Structural characterization of the drop/substrate couple by SEM + EDS analysis evidenced the nucleation and growth of graphite at the drop surface and at the drop/substrate interface resulting in the formation of discontinuous interfacial graphite layer well bonded with the substrate. Non-wetting behavior accompanied with a lack of any interfacial reaction products and slight selective dissolution of the substrate constituents in molten drop suggests a weak interaction between the selected alloy and Al2O3-ZrO2-SiO2 ceramic. Moreover, significant CTE mismatch between the alloy and the ceramic, particularly during alloy solidification, contributes to debonding of the drop/substrate couple that takes place along the drop-side interface.

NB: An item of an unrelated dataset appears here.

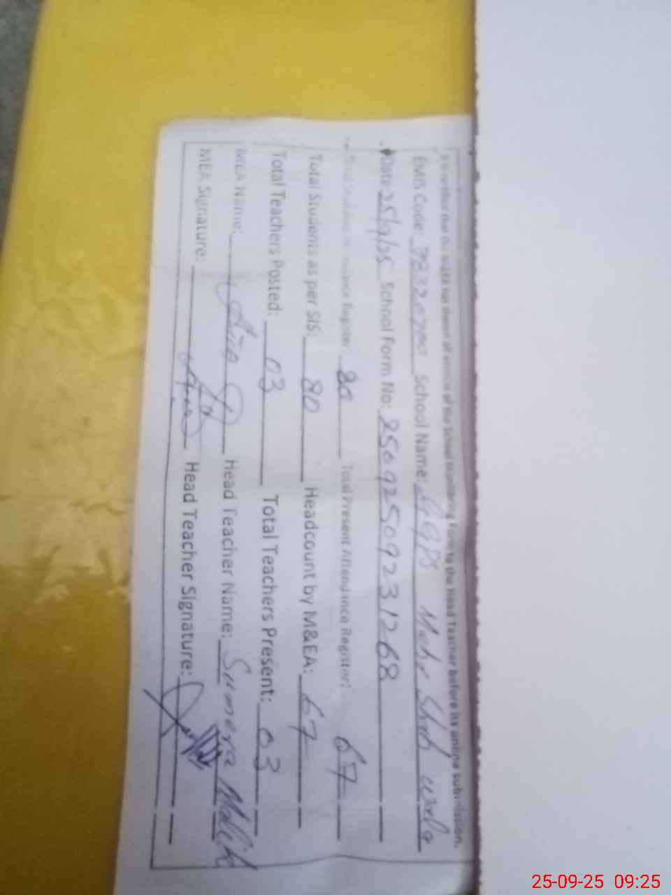 | Attendance Register | Head Teacher | MEA with School | Visit Proof |

These findings suggest that for liquid-assisted processes of metal matrix composites using gray cast iron (as a matrix) and Al2O3-ZrO2-SiO2 ceramic (as a reinforcing phase or insert in the casting components), the improvement of physico-chemical and thermomechanical compatibilities between the selected couple of materials are needed through improvement of wetting properties and optimal design of structure and chemistry of interfaces.